▸ **PROBLEM DESCRIPTION**
What you return should be the full listing, word for word, without a single image.

▸ **DATA SEGMENT**
····················
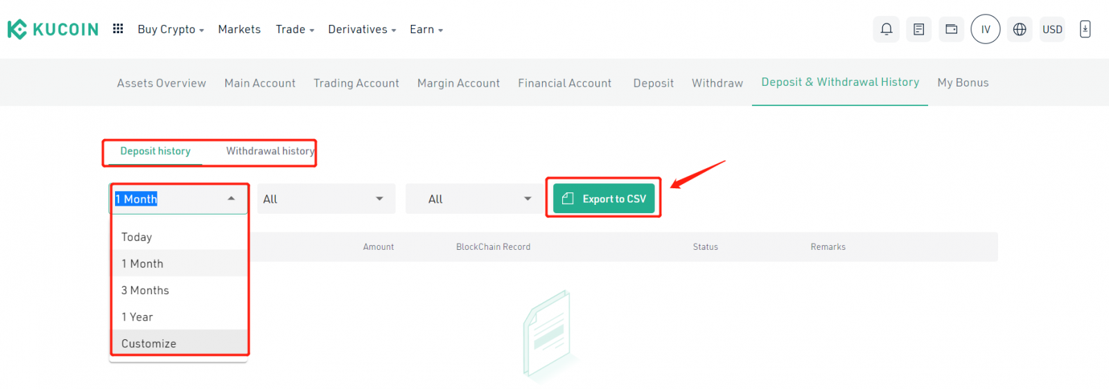 если вы хотите экспортировать историю в KuCoin, продолжительность не может превышать 100 дней , а ограничение на загрузку — 5 раз в день . Чтобы просмотреть историю депозитов/снятий в годовом исчислении, попробуйте экспортировать их 4 раза по отдельности. Приносим извинения за неудобства, которые доставили вам.
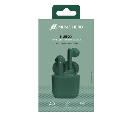 Nubox True Wireless Stereo høretelefoner. Grøn
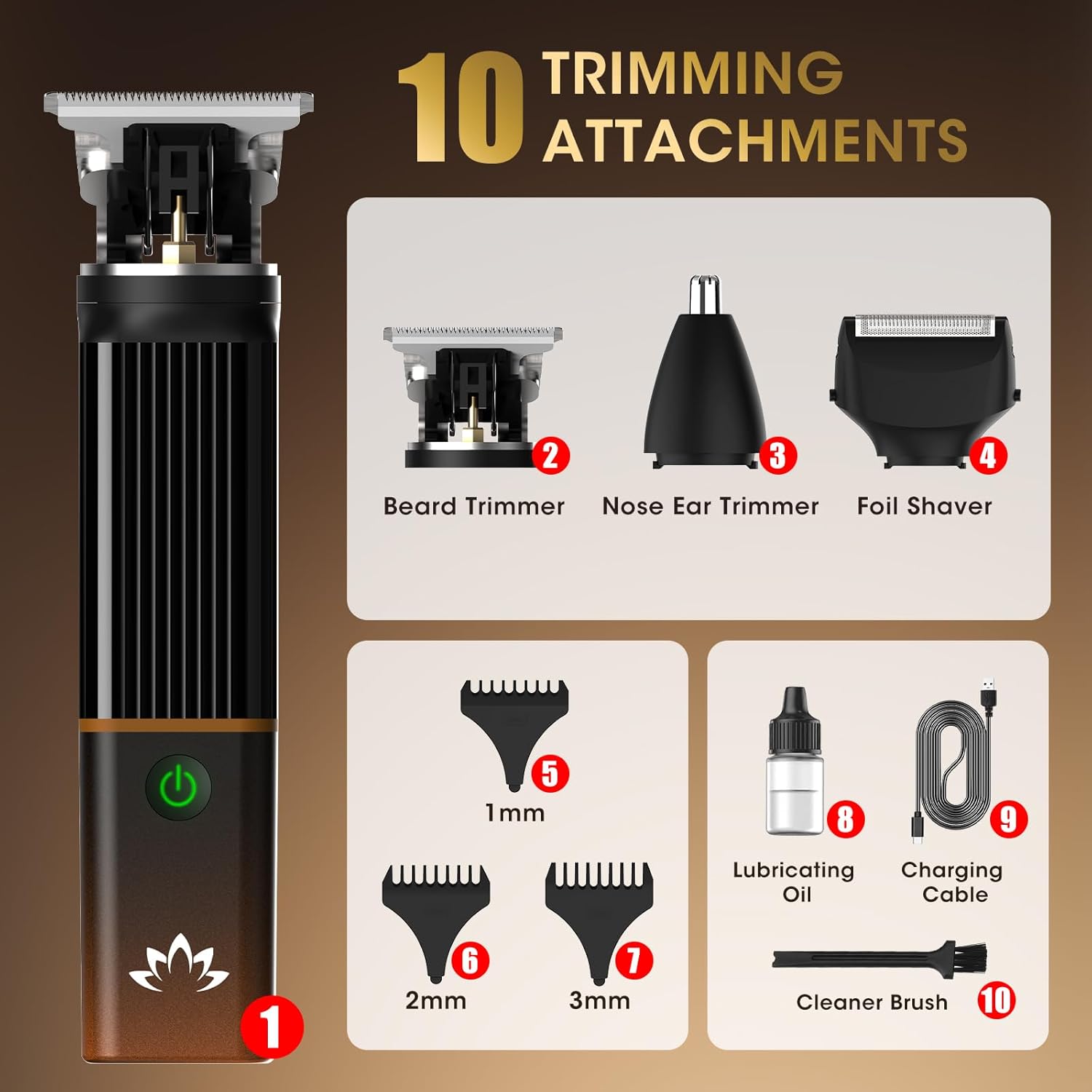 Cordless Hair & Beard Trimmer with 4 Guide Combs,Rechargeable T-Blade Hair Edgers Hair Clippers for Zero Gapped Haircut,Professional Electric Hair Trimmer Gifts for Men & Fathers Day,Bronze
····················
▸ **RESULT BELOW**
 если вы хотите экспортировать историю в KuCoin, продолжительность не может превышать 100 дней , а ограничение на загрузку — 5 раз в день . Чтобы просмотреть историю депозитов/снятий в годовом исчислении, попробуйте экспортировать их 4 раза по отдельности. Приносим извинения за неудобства, которые доставили вам.
 Nubox True Wireless Stereo høretelefoner. Grøn
 Cordless Hair & Beard Trimmer with 4 Guide Combs,Rechargeable T-Blade Hair Edgers Hair Clippers for Zero Gapped Haircut,Professional Electric Hair Trimmer Gifts for Men & Fathers Day,Bronze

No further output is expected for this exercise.